By Laura Seymour
The month of Elul has begun, and it is a month to think and reflect on the past and on the future as we prepare for the new year. The rhythm of the Jewish year works well with our Texas academic year — now is the time we go back to school remembering the summer yet excited about another beginning.
This past week, I was teaching this text (one of my many favorites): Babylonian Talmud, Bava Kama 82a, a compilation of teachings of third-sixth century scholars in Babylonia, with the final redaction in the sixth and seventh centuries.
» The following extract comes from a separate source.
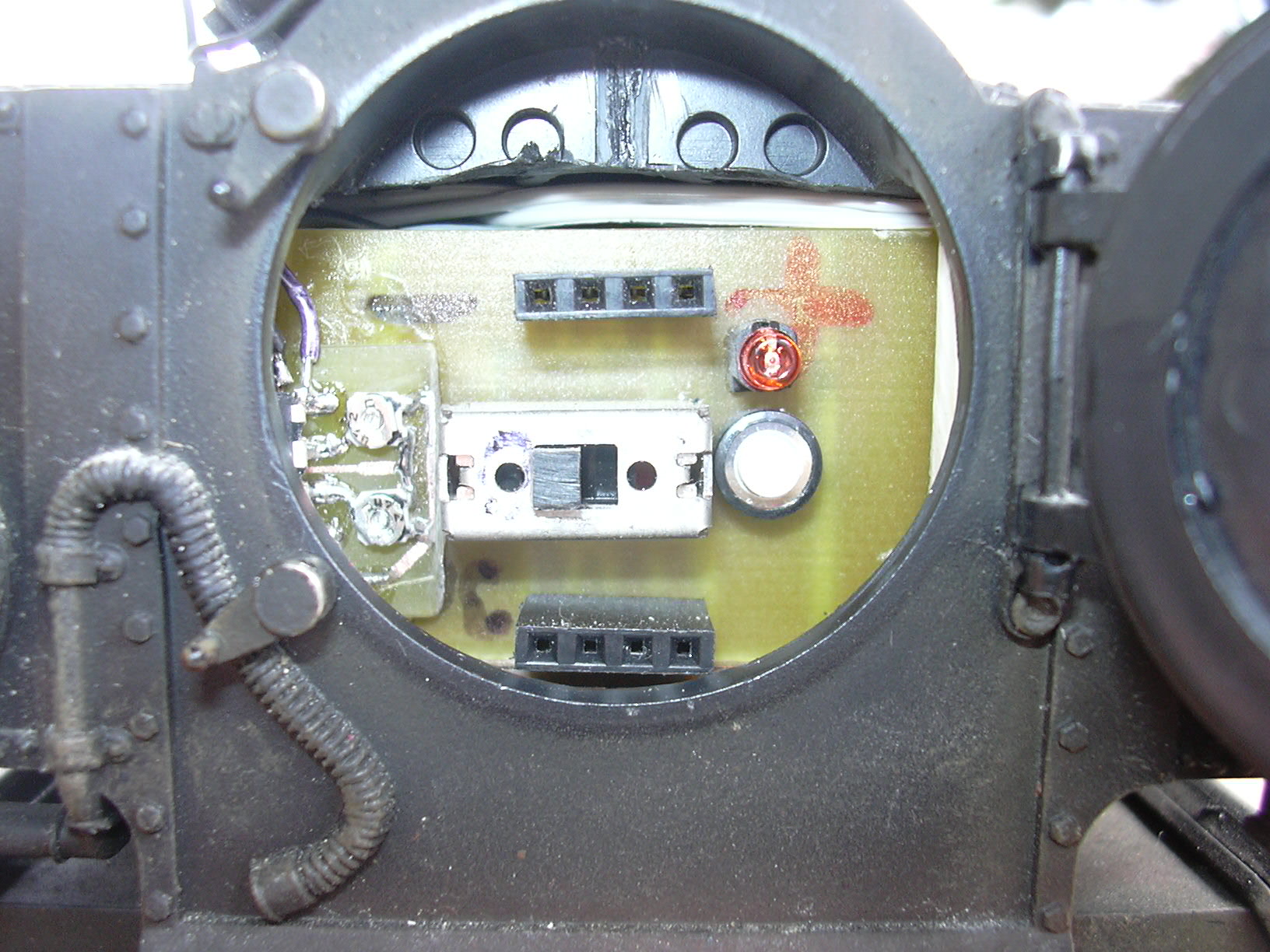Und so sieht's vom Weiten aus, etwas duster, aber es war ja auch schon spät... Auf den Nachläufer wurde ein Streifen aus etwas dickerem Epoxy-Platinenmaterial angebracht, der hinten aus der Lok heraus ragt.
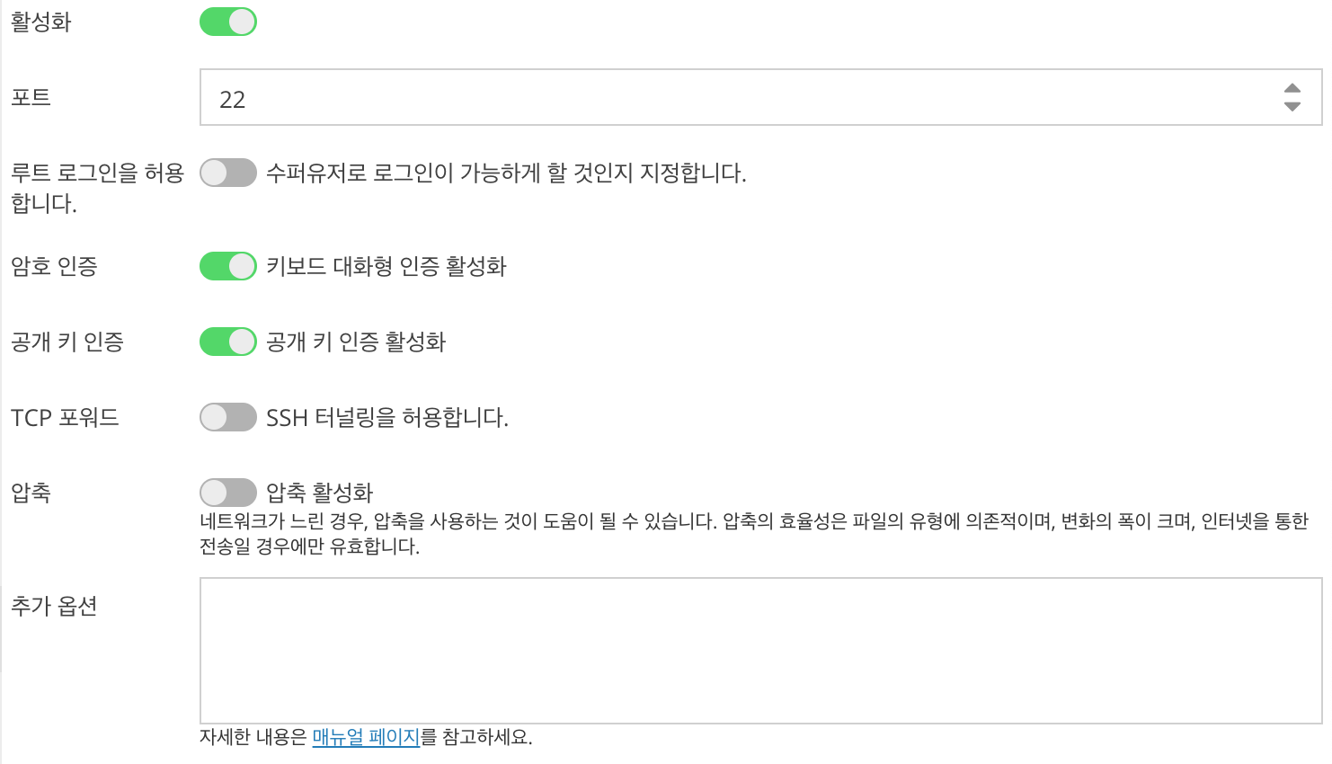 접속할 때 사용할 포트, 자동 로그아웃 시간 등을 설정할 수 있습니다.

“ … It was taught: ‘And they went three days in the wilderness and found no water’ (Exodus 15:22). Those who interpret the law metaphorically explain that ‘water’ refers here to the Torah as it says: ‘Ho, everyone that thirsts, come to the water’ (Isaiah 55:1). Since they had gone three days without Torah, they became exhausted.”
This is one interpretation used to explain why we read Torah on Mondays, Thursdays and Shabbat — we cannot go three days without water, without Torah. There are numerous texts comparing Torah to water — both being essential to life.
So how can we study Torah every day? Ideally, Torah study is to be done with a friend. You read together and learn together. Today, for better or worse, you can have a million friends who you never talk to but can learn with — the Internet has opened Jewish learning to anyone with a computer.
I start each day with email updates on Jewish philanthropy, Daf Yomi (a page of Talmud) and “Jewish Ideas Daily.” Sometimes I spend five minutes, sometimes longer and, yes, sometimes shorter, but there is something that works better than caffeine, and that is stimulating your mind with new ideas.
Can you afford five minutes a day for Jewish learning? Can you afford not to? Both the ancient rabbis and the psychologists today remind us that learning new things keeps our brains growing instead of connections dying.
Learning specifically Jewish is good but even the ancient rabbis knew we had to live in the world — in fact in the old days, rabbis had day jobs just like we do. Learning Torah means learning life — everything is in it.
During this month of Elul, as we prepare for the new year, think about what you are going to learn this year. It could be a subject you’ve always wondered about, it could be learning to play mah jongg, it could be tennis (combine the physical with the mental).
Don’t stop learning — it is as important as water.
Laura Seymour is director of youth and camping services at the Aaron Family Jewish Community Center.